There are only 2 backup modes: 1. Continuous Backup 2. Periodic Backup

Roles

Cosmos DB Backup Operator- can only backup db Cosmos DB Restore Operator - can only restore from Db, but requires Cosmos Db operator else cannot create new container Cosmos DB Operator - creates account, db and container. But cannot view data.

Periodic backup

(you cannot change a Cosmos DB account with continuous backup back to periodic backup mode.)

  • Backup Interval - This setting defines how often is the backup going to be done. Can be changed in minutes or hours. The interval period can be between 1 and 24 hours. The default is 240 minutes (4 hours).
  • Backup Copies - By default only the last 2 are stored.
  • Backup Retention - This setting defines how long should the backups be kept. Can be changed in hours or days. The retention period will be at least two times the backup interval and 720 hours (or 30 days) at the most. The default is 8 Hours. Maximum is 30 days.
  • Backup storage redundancy - One of the three redundancy options - LRS, ZRS, GRS. The default is Geo-redundant backup storage.
  • No RUs is consumed for backup.
  • Backup charges - first 2 backups storage are free.

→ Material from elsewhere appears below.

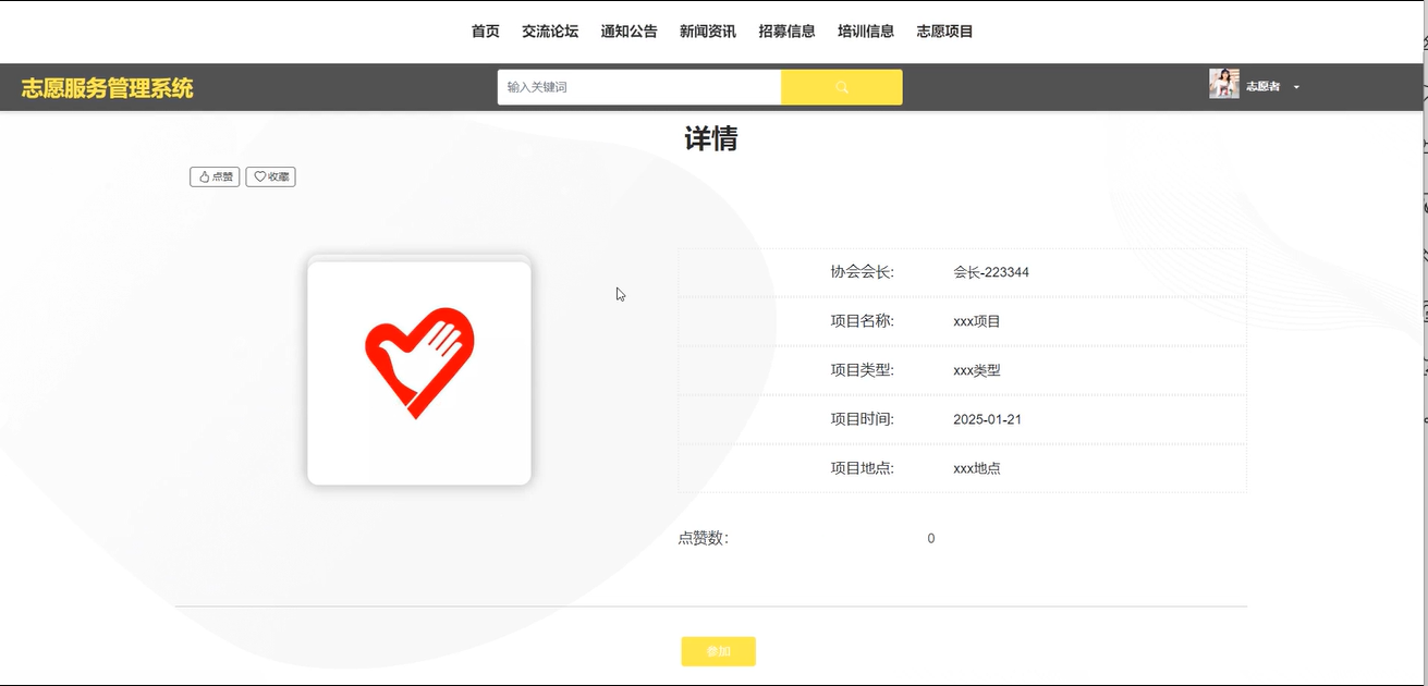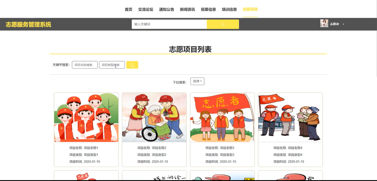志愿者可以查看详细的志愿项目列表,包含项目名称、时间、类型等信息,并通过输入项目名称、类型和下拉排序搜索找到感兴趣的项目。他们还可以对项目进行点赞、收藏和评论,并报名参加。界面如下图所示。

Notes: - A full backup is taken every 4 hours. Only the last two backups are stored by default. Both the backup interval and the retention period can be configured in the Azure portal. This configuration can be set during or after the Azure Cosmos DB account has been created. - If Azure Cosmos DB's containers or database are deleted, the existing container and database snapshots will be retained for 30 days. - Azure Cosmos DB backups are stored in Azure Blob storage. - Backups are stored in the current write region or if using multi-region writes to one of the write regions to guarantee low latency. - Snapshots of the backup are replicated to another region through geo-redundant storage (GRS) by default. This replication provides resiliency against regional disasters. Can be changed to ZRS or LRS. - Backups can't be accessed directly. To restore the backup, a support ticket needs to be opened with the Azure Cosmos DB team. - Backups won't affect performance or availability. Furthermore, no RUs are consumed during the backup process.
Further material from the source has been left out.